Automated way of repeating univariate logistic regression and putting individual results in a table

Accepted Solution Solved
Reply
New Contributor
Posts: 2
Accepted Solution

Automated way of repeating univariate logistic regression and putting individual results in a table

[ Edited ]

Hello,

I am not a programmer nor a statistician. So I hope my question may be simple to solve.
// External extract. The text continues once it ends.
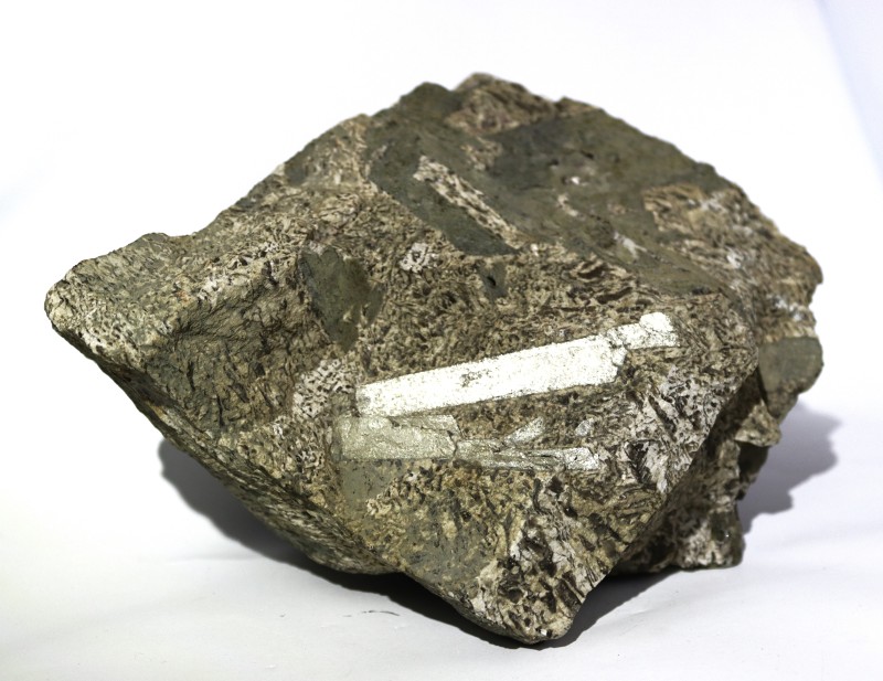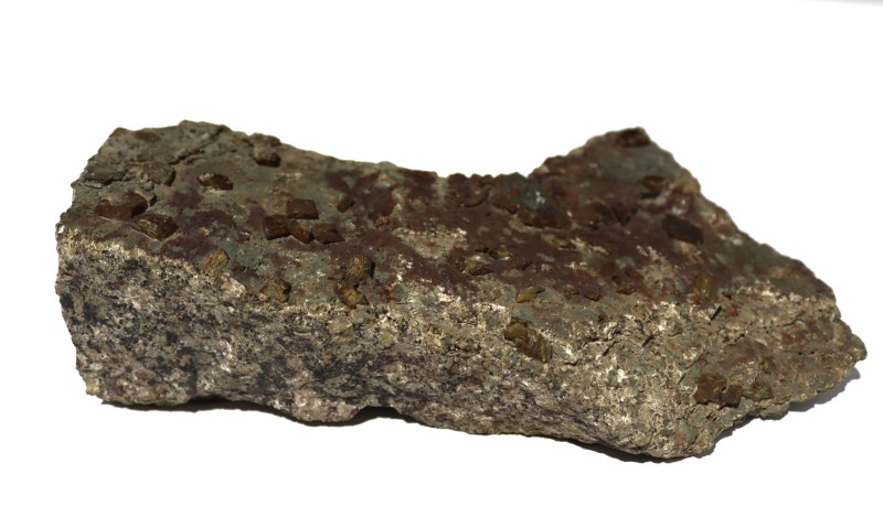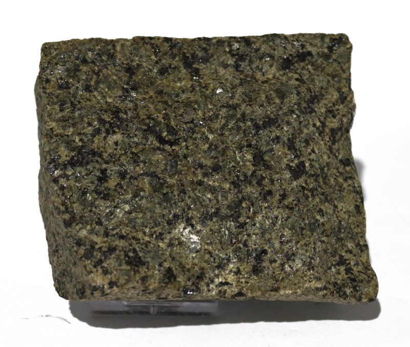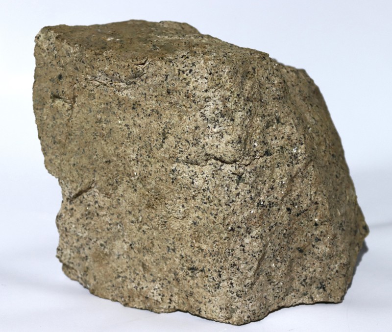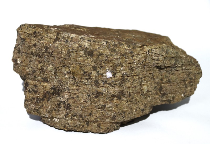 Слюда. Зразок представлений уламком (пачкою) кристалів слюди невизначеного габітусу. Зразок, на зовнішній вигляд, має зональне забарвлення з бурими плямами, що пов’язано з різною ступеню каолінізації. Блиск слюди перламутровий, непрозора. В тонких лусочках – прозора. Розділяється легко на пластинки завдяки досконалій спайності.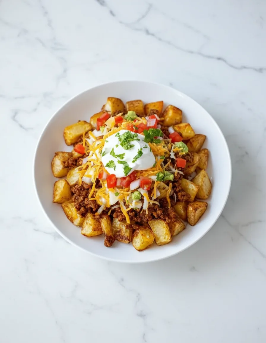 Cheesy Taco Potatoes deliver weeknight satisfaction through smart cooking techniques. The combination of crispy potatoes perfectly seasoned, meaty taco filling, and creamy melted cheese never fails to please family appetites. Both kids and adults love customizing their bowls with favorite toppings. Clean-up stays minimal since cooking requires just one skillet and an air fryer basket. For another 30-minute wonder meal, try adding this recipe to your regular rotation alongside other quick skillet dinners.

I am using a macro for repeating univariate logistic regression in SAS (with the same outcome variable status and different predictor variables). (link for the macro: http://rstudio-pubs-static.s3.amazonaws.com/2989_ceae90d128554c728d5388439adf0661.html ) In this macro I also want to include commands that will help me create a single table showing variable name, odds ratio, lower and upper 95% confidence limits and the p value for all the variables. I am running a logistic regression to see if presence of fatty liver is associated with age, bmi, smoking(0-1) and alcohol use(0-1). I have many more predictor variables, which I treat as continuous, to include in logistic regression…

I have made up the SAS code utilizing proc sql statements myself and included in the above mentioned macro under two headings (/* Combining variable name, respective odds ratio its confidence limits and p value in a single row */ AND /* Combining the above obtained rows in table by union */).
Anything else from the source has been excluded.